Here is a quotation from Chapter 5 in "Introduction to smooth manifolds" by J. Lee.
Suppose $M$ is a smooth manifold with or without boundary. An embedded submanifold of $M$ is a subset $S \subseteq M$ that is a manifold (without boundary) in the subspace topology, endowed with a smooth structure with resect to which the inclusion map $S\to M$ is a smooth embedding.
My questions are the following:
- What is the topology on $S$?
- What is the smooth structure on $S$?
In my thought, $\{i^{-1}(U\cap S)\mid U \in \mathcal{O}(M)\}$ is the topology on $S$ with the topology $\mathcal{O}(M)$ on $M$.

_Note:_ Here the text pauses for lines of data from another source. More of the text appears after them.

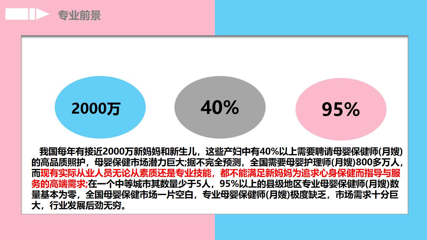 母嬰照護(hù)專業(yè)主要培養(yǎng)從事母嬰照看、母嬰護(hù)理、母嬰保健等母嬰照護(hù)工作的技能人才。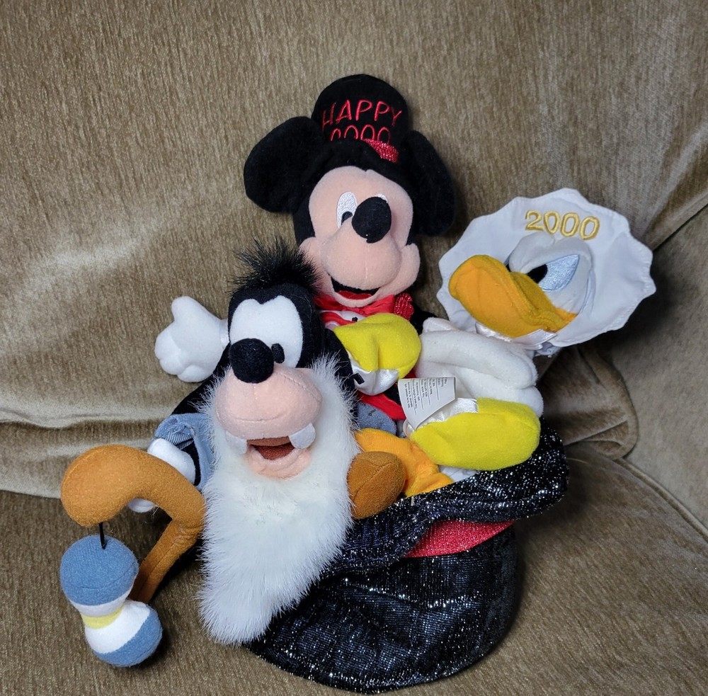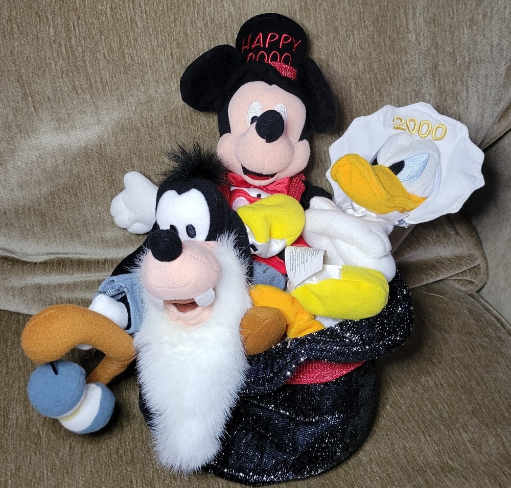 Disney New Years 2000 Mickey Mouse Father Time Goofy Baby Donald Duck Plush. From a smoke free home. Sewn in tags attached. Approximately 11" tall. 1107a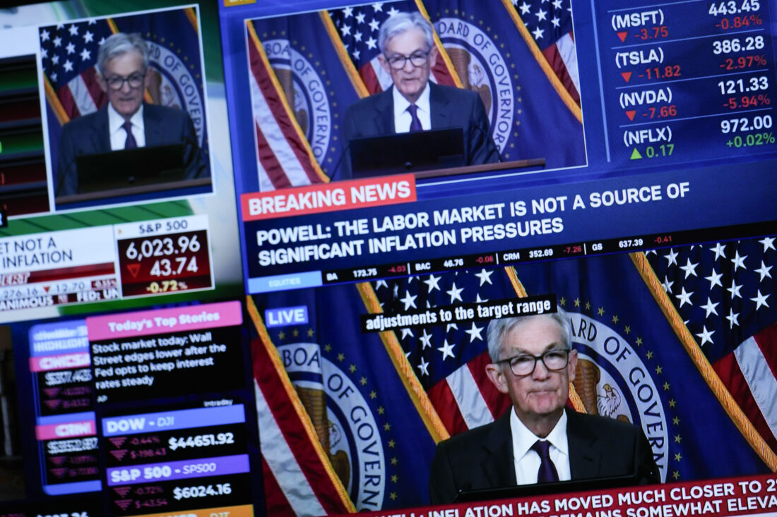 Screens display a news conference by Federal Reserve Chair Jerome Powell on the floor of the New York Stock Exchange in New York, Wednesday, Jan. 29, 2025. (AP Photo/Seth Wenig)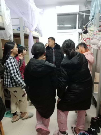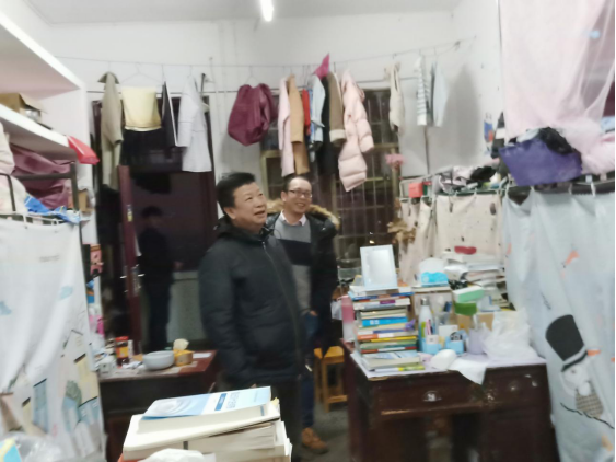 会议结束后,胡少平书记和王东光副书记带领全体辅导员班主任到各自班级寝室,督促学生在寝室注意安全、诚信参考,考试结束后第一时间回家。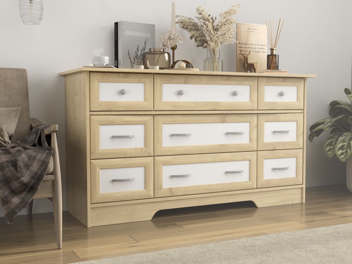 Комод Стенворд 15 - модель, которая изготовлена в лаконичном и простом дизайне. Будет гармонично смотреться с абсолютно любым стилем интерьера. Поставить это изделие можно в любом уголке жилья. Большое количество выдвижных ящиков различного размера отлично справятся с вопросом хранения личных вещей. В них можно разместить абсолютно всё.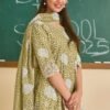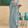 2. The Pathshala collection is designed for those who appreciate the elegance of traditional attire with a modern twist. Each suit is unstitched, allowing you the freedom to tailor it to your unique style and fit. The dupatta is a highlight of this catalog, made from pure mal checks block print, featuring with fancy lace and hangings that adds a touch of sophistication. This versatile piece can be styled in various ways, making it a perfect accessory for both festive occasions and casual gatherings.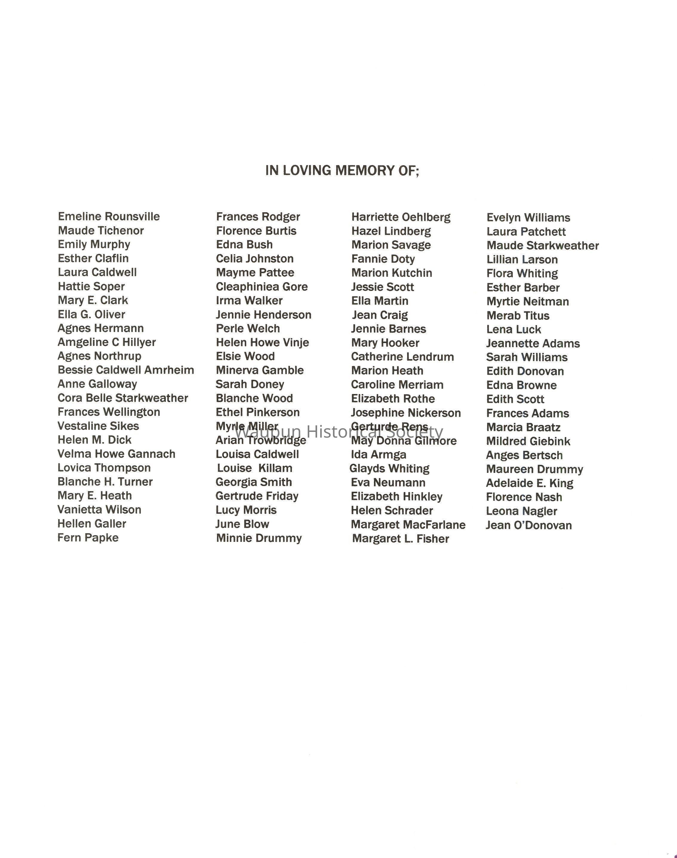 The work these thirteen noble women began in 1902 has been maintained by other equally dedicated members, so that now our society is the oldest women's organization extant in Waupun.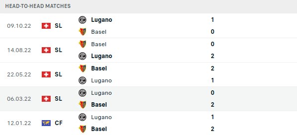 - In their previous Super League encounter, Lugano claimed a 1-0 win over Basel.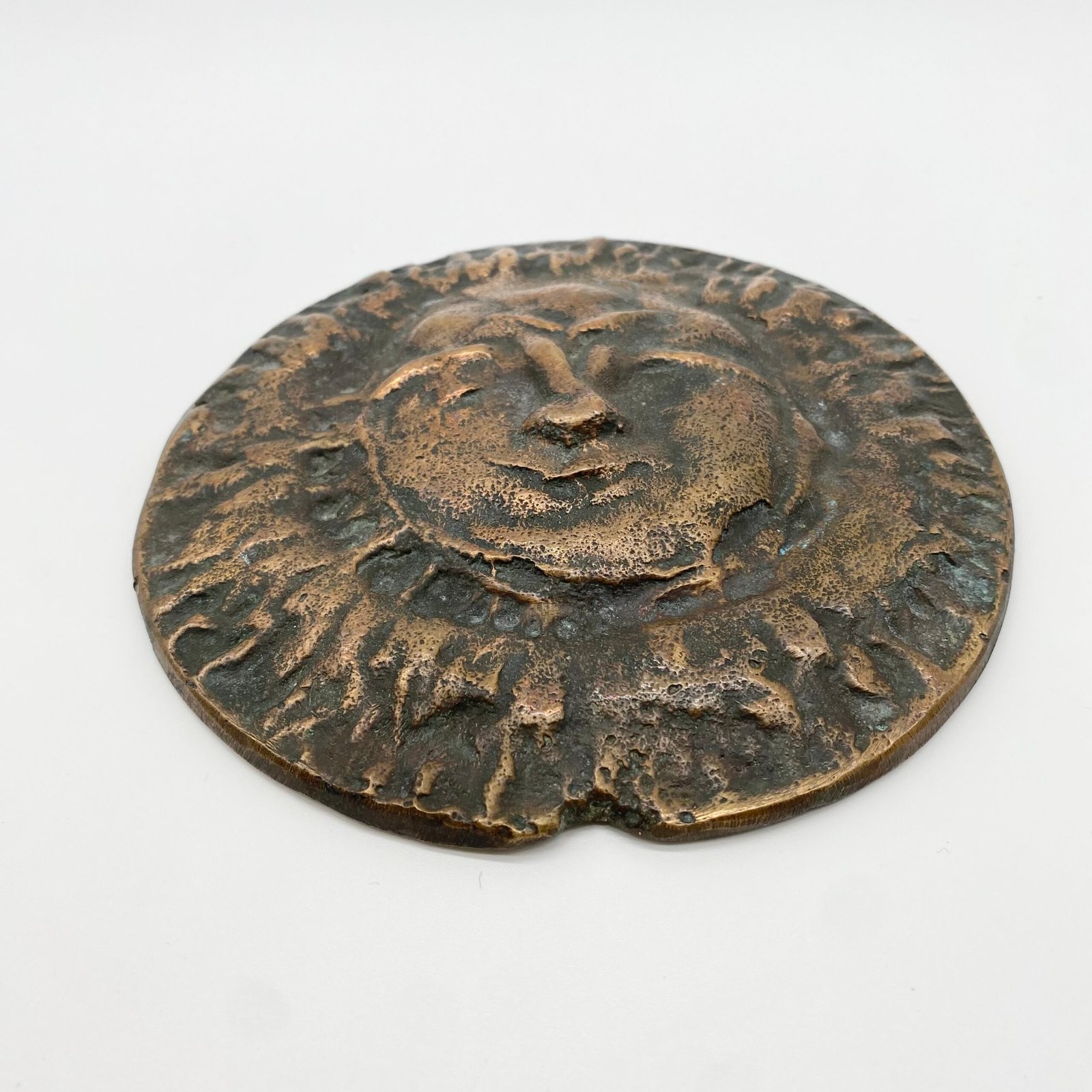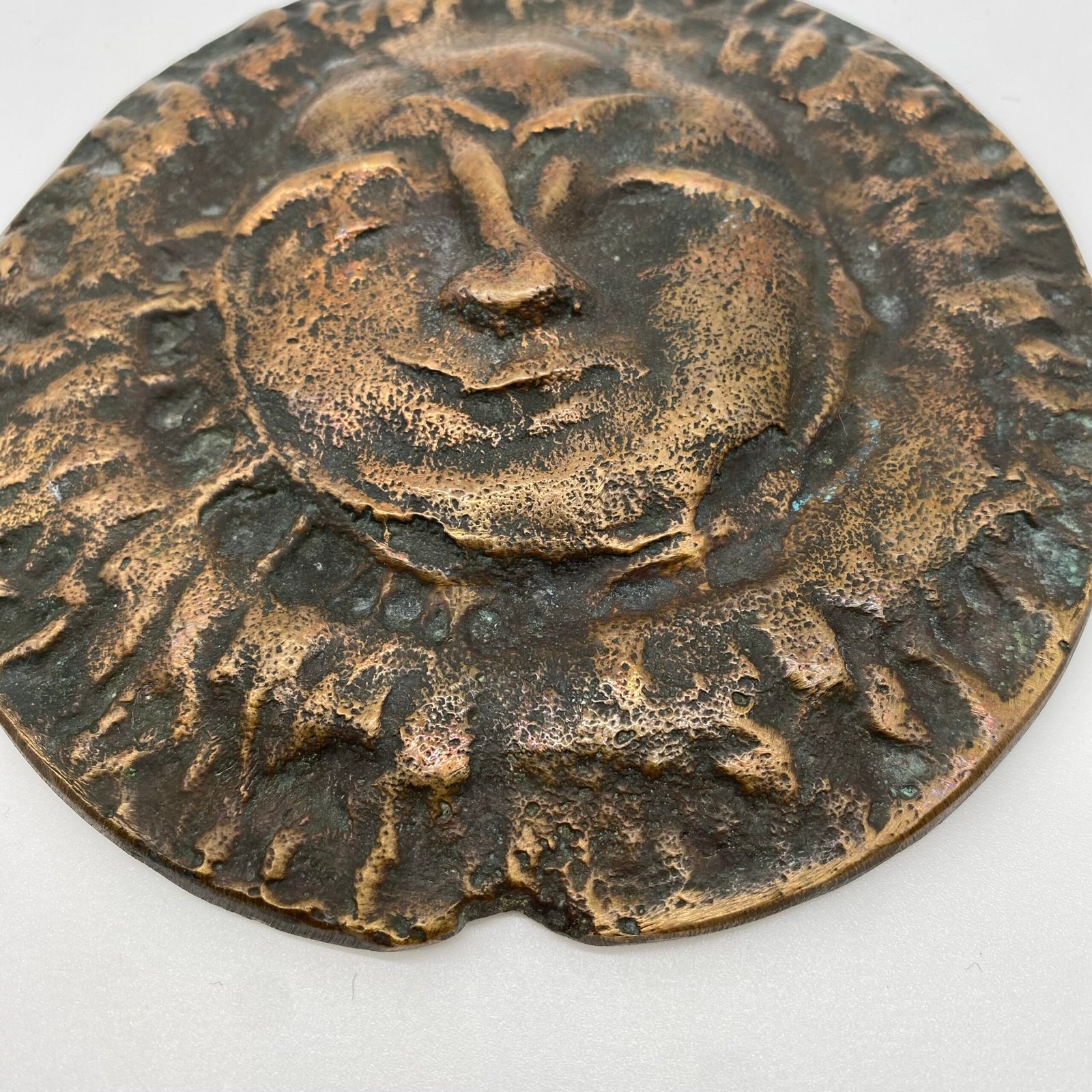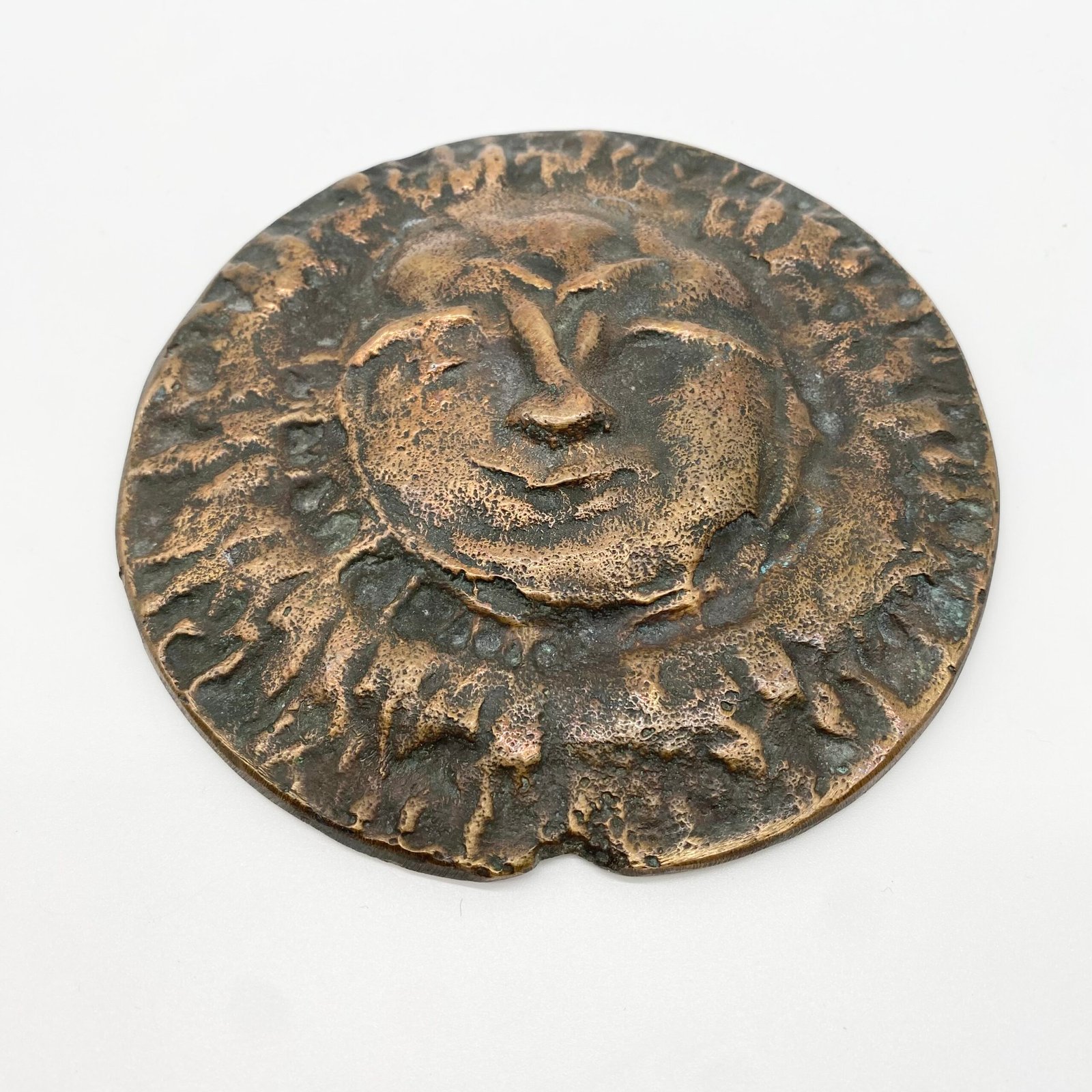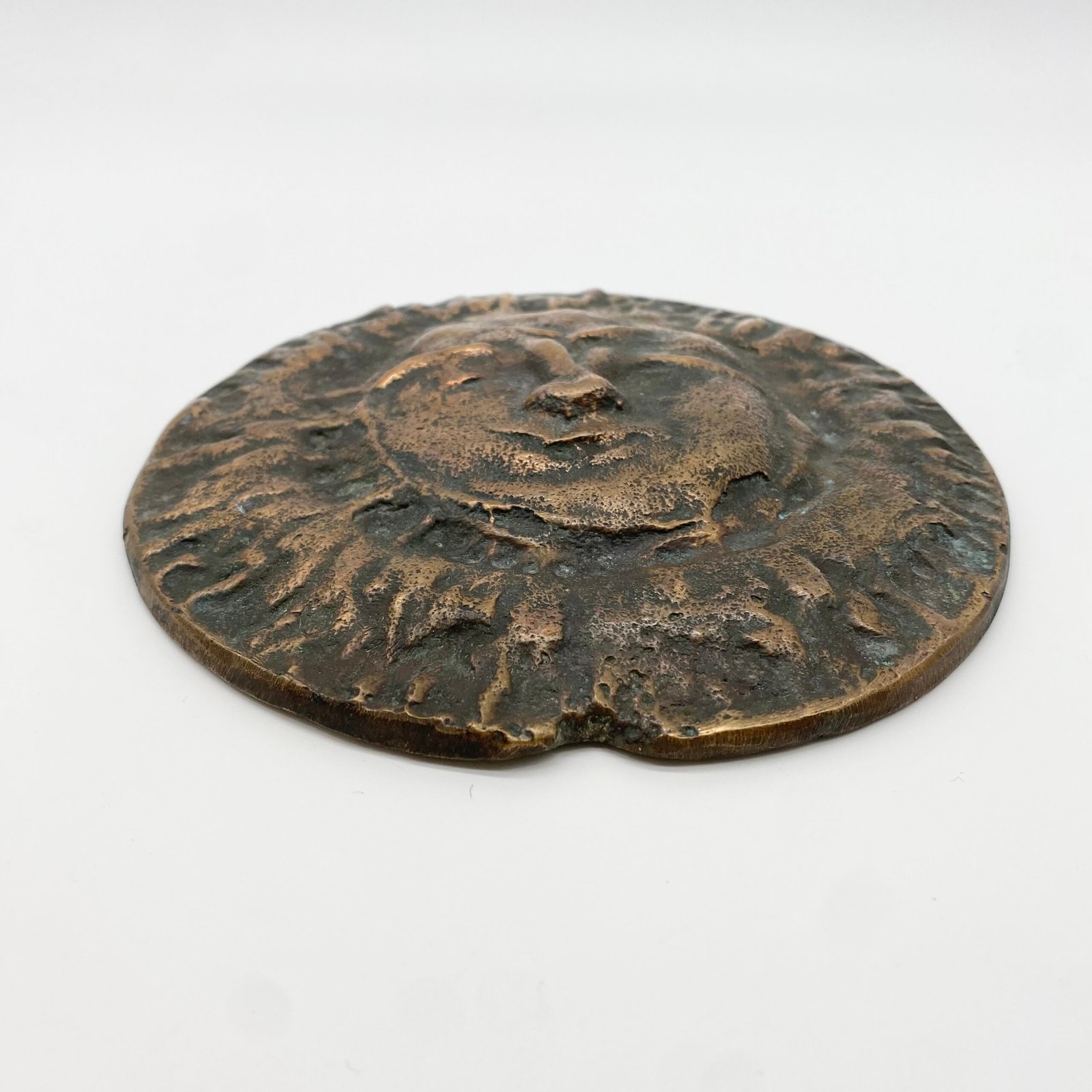 Une sculpture murale au visage rayonnant, entièrement réalisé en bronze plein martelé.

For the second question, I think $\mathcal{A}_{S}:=\{(i^{-1}(U\cap S), \phi\circ i)\mid (U,\phi)\in \mathcal{A}_{M}\}$ is the smooth structure on $S$ with the smooth structure $\mathcal{A}_{M}$ on $M$, but it seems to be odd for me if $\mathrm{dim}(S)<\mathrm{dim}(M)$ because the dimension of the image under $\phi\circ i$ is $\mathrm{dim}(M)$, which is absurd.
Is there anything wrong with the above discussion?
Best Answer
A priori, the smooth structure on $ S $ can have no relationship to that of $ M $. However, as mentioned and proven later in the book, for any embedded submanifold $ S\subseteq M $, its smooth structure must be given by the slice charts of $ S $. More specifically, any chart $ (U,\phi=(x^1,\ldots,x^n)) $ of $ M $ such that $ \phi(S\cap U) $ is given by $ x^{k+1}=\cdots=x^n=0 $, where $ k=\dim S $, gives rise to the chart $ (U\cap S,(x^1,\ldots,x^k)) $ of $ S $.